International Center for Reconciliation rozpoczęło swoją działalność zaraz po drugiej wojnie światowej w Coventry, mieście zniszczonym przez niemiecki nalot. Organizacja postawiła sobie za cel nawiązanie kontaktów i pojednanie z mieszkańcami innych miast ciężko doświadczonych w wyniku działań wojennych. Krzyż z gwoździ, który stał się symbolem tej działalności, odnaleziony został podczas uprzątania gruzów zniszczonej przez nalot katedry w Coventry. Powstał on z trzech gwoździ więźby dachowej wydobytych ze zgliszczy. Krzyż z Coventry, przyznawany jest różnym organizacjom na całym świecie, zaangażowanym w pracę służącą pojednaniu. W marcu 1945 roku Świnoujście było bazą niemieckiej marynarki wojennej, ośrodkiem szkolenia kadr wojska, ważnym węzłem komunikacyjnym, znajdowały się tu również składy amunicji i paliwa.

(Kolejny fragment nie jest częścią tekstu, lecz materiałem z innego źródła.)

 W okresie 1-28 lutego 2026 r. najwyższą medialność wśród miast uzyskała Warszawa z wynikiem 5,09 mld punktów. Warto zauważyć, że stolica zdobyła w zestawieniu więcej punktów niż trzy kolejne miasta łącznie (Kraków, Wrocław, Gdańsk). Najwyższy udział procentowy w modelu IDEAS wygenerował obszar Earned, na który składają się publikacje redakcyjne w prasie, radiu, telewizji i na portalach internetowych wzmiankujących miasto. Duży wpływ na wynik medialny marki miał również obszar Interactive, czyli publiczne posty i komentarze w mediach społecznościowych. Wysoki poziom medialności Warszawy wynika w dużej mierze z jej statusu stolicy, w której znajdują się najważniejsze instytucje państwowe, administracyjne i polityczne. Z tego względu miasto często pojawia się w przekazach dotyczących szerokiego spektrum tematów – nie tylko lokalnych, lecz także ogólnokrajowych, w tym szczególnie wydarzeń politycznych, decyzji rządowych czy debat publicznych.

Jak ustalił historyk dr Józef Pluciński, badający historię miasta, w czasie nalotu w Świnoujściu mogło przebywać nawet 70 tys. uchodźców niemieckich z terenów zajmowanych przez Armię Czerwoną.

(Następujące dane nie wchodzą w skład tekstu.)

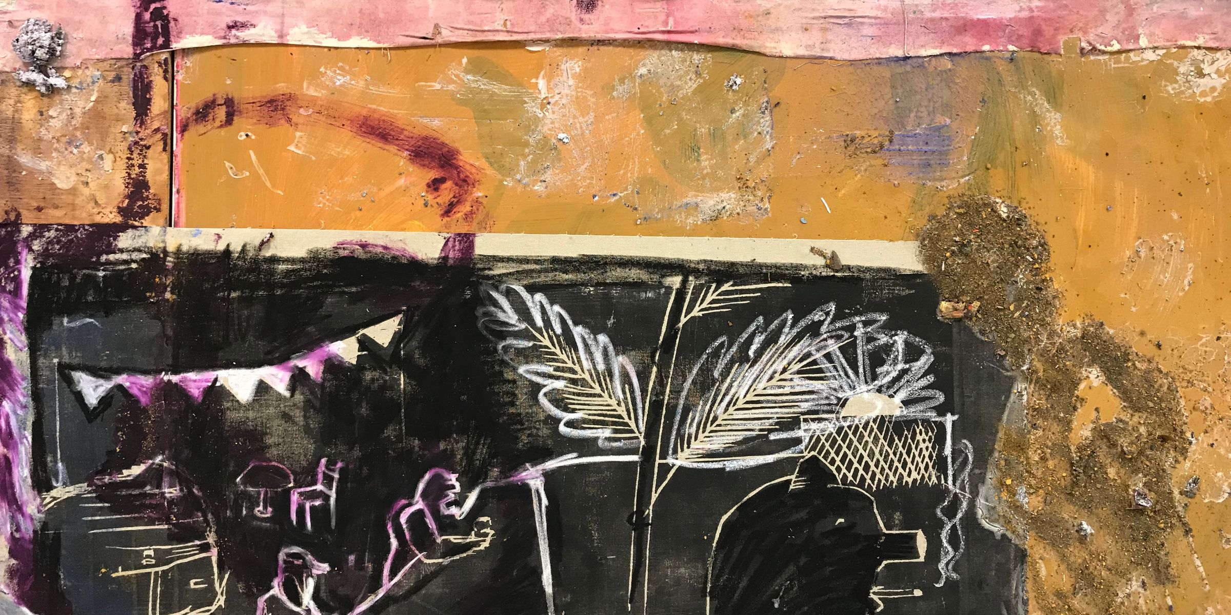 Variasjonen bÄde i materialer og teknikk som brukes i denne monumentale collagen trekker oppmerksomheten mot kunstnerens lek og utforskning av maleriets og materialenes muligheter. En lek med alvorlige undertoner som er utfÞrt pÄ en tilsynelatende tilfeldig mÄte bestÄende av bÄde abstraherte formers uttrykksfullhet og figurative tegningers fortellingsinvitasjon. Men hva er det kunstneren forsÞker Ä fortelle?

"Ze względu na strategiczną rolę obiektów znajdujących się w Świnoujściu Amerykanie na prośbę dowództwa Armii Czerwonej zdecydowali się na jego zbombardowanie. Jak podają amerykańskie źródła 12 marca rano z lotnisk w Wielkiej Brytanii i Francji wyleciało 661 bombowców w eskorcie 200 myśliwców z 8 Flotylli Powietrznej USA. Bombardowanie zaczęło się o 12.00 i trwało 40 minut. Samoloty zrzuciły łącznie 3218 bomb burzących i zapalających o łącznej wadze ponad 1600 ton" - czytamy w artykule autorstwa dr Plucińskiego publikowanym w piśmie "Nowy Wyspiarz".
Ponieważ nie wszystkie maszyny zdołały zrzucić swój ładunek na wyznaczone cele, pewna część ich spadła na teren zadrzewiony czyli Park Zdrojowy w centrum miasta. Podyktowane to było względami humanitarnymi, by zmniejszyć liczbę ofiar wśród cywili. Jednak wobec braku schronów przeciwlotniczych Park był ostatnim miejscem schronienia dla tysięcy uchodźców.
"Oparte na oficjalnych meldunkach niemieckich władz szacunki podają, dzień po nalocie, że zginęło 1500 osób a 2 tys. zostało rannych. W trakcie przeszukiwania zniszczeń i wydobywania spod gruzów ciał liczba ofiar wzrosła do 10 tys. Z czasem w szacunkach niemieckich historyków a zwłaszcza polityków wzrosła do trudnych do udokumentowania 23 tysięcy osób" - powiedział PAP dr Pluciński.
Większości ofiar nalotu nie można było zidentyfikować. Ciała chowano w zbiorowych mogiłach na cmentarzu na zboczu góry Golm koło Kamminke. Część grzebano w parku i na wydmach - szczątki ludzkie odnajdywano jeszcze dziesiątki lat po wojnie.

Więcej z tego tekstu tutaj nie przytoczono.